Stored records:
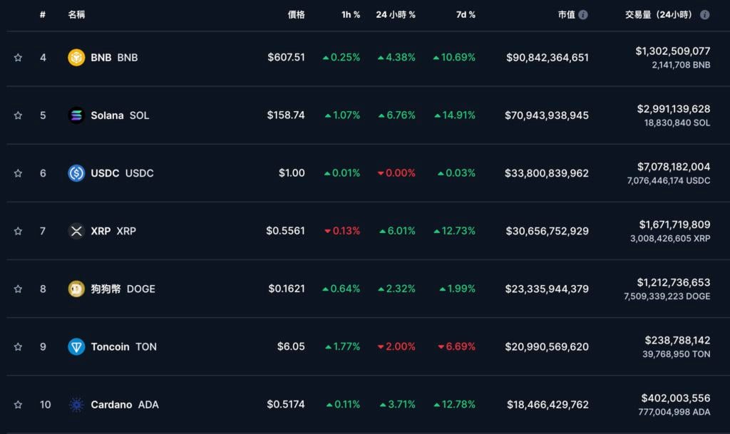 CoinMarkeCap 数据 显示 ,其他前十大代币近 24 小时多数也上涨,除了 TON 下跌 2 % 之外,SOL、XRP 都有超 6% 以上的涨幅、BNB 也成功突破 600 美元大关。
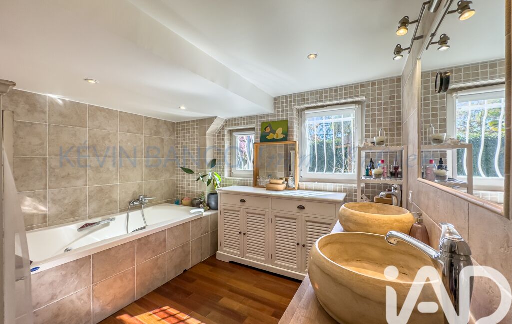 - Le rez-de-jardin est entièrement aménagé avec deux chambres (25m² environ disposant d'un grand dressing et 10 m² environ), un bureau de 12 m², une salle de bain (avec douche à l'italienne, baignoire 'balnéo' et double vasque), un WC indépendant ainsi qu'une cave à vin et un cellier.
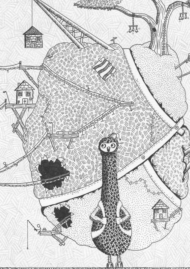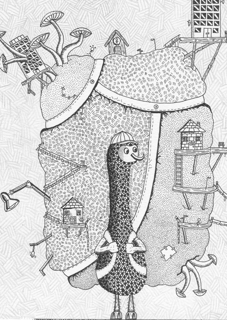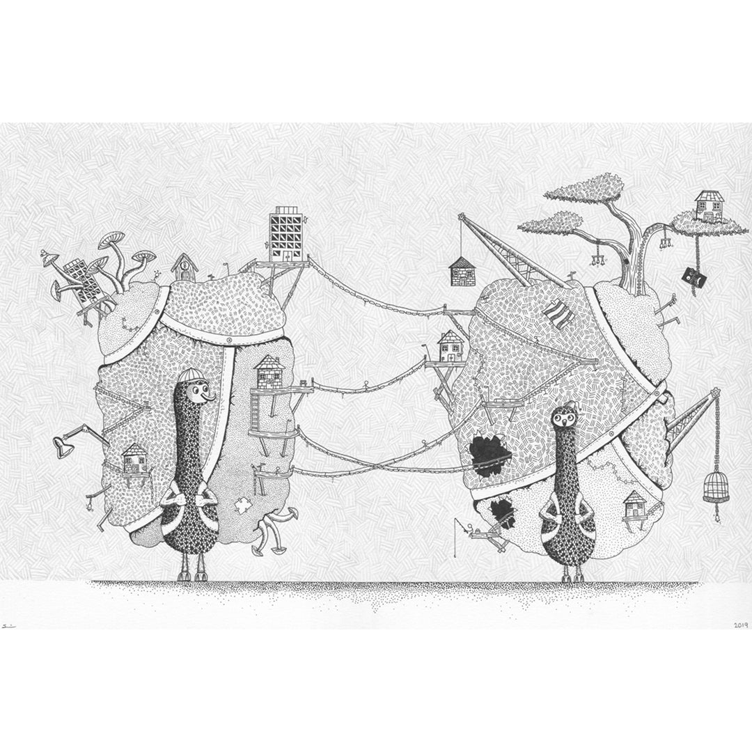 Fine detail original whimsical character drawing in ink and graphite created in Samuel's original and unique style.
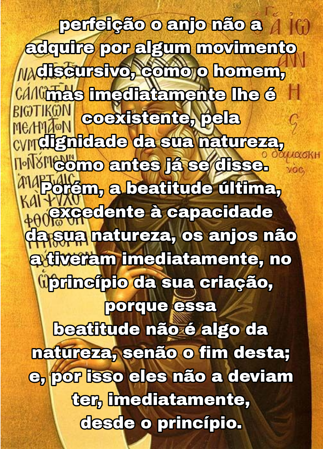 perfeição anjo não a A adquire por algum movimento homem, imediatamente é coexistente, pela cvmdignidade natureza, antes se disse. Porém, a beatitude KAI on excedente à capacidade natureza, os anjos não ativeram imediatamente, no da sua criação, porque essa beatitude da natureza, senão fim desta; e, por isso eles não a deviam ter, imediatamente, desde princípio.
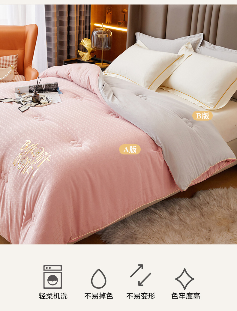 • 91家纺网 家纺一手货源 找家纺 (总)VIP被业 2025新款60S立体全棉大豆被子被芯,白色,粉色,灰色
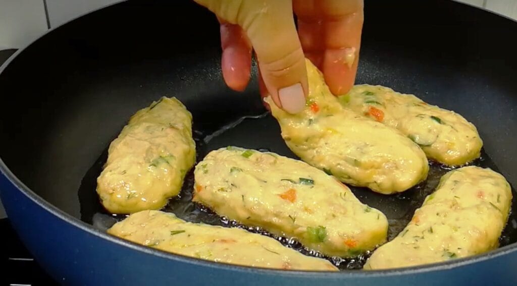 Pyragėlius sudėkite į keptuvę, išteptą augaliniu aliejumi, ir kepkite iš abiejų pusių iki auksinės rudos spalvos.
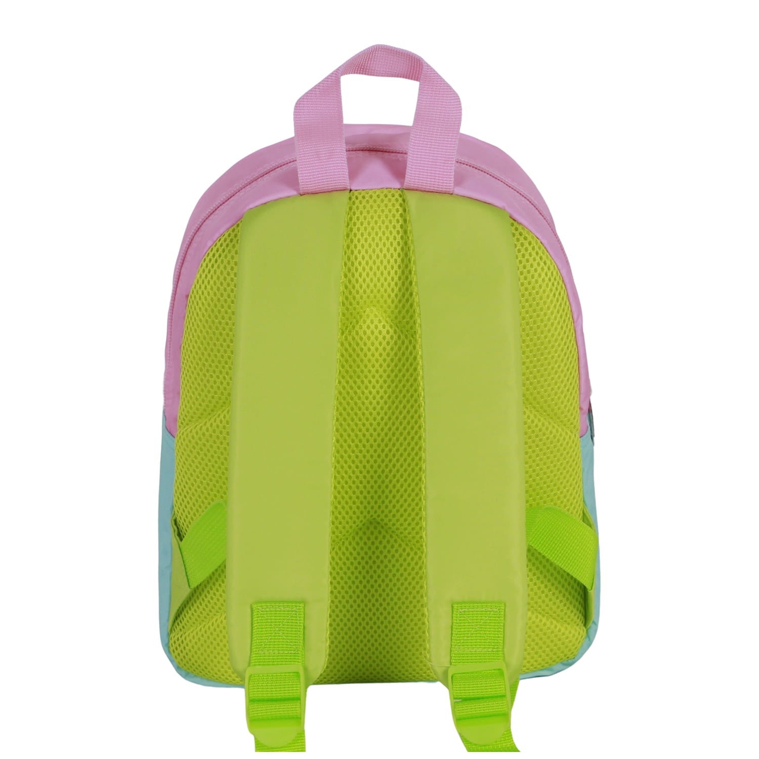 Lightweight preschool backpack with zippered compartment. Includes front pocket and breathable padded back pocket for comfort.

WHAT THE EXERCISE ASKS:
Copy the data precisely. Skip every picture.

ANSWER TO THIS TASK:
 CoinMarkeCap 数据 显示 ,其他前十大代币近 24 小时多数也上涨,除了 TON 下跌 2 % 之外,SOL、XRP 都有超 6% 以上的涨幅、BNB 也成功突破 600 美元大关。
 - Le rez-de-jardin est entièrement aménagé avec deux chambres (25m² environ disposant d'un grand dressing et 10 m² environ), un bureau de 12 m², une salle de bain (avec douche à l'italienne, baignoire 'balnéo' et double vasque), un WC indépendant ainsi qu'une cave à vin et un cellier.
 Fine detail original whimsical character drawing in ink and graphite created in Samuel's original and unique style.
 perfeição anjo não a A adquire por algum movimento homem, imediatamente é coexistente, pela cvmdignidade natureza, antes se disse. Porém, a beatitude KAI on excedente à capacidade natureza, os anjos não ativeram imediatamente, no da sua criação, porque essa beatitude da natureza, senão fim desta; e, por isso eles não a deviam ter, imediatamente, desde princípio.
 • 91家纺网 家纺一手货源 找家纺 (总)VIP被业 2025新款60S立体全棉大豆被子被芯,白色,粉色,灰色
 Pyragėlius sudėkite į keptuvę, išteptą augaliniu aliejumi, ir kepkite iš abiejų pusių iki auksinės rudos spalvos.
 Lightweight preschool backpack with zippered compartment. Includes front pocket and breathable padded back pocket for comfort.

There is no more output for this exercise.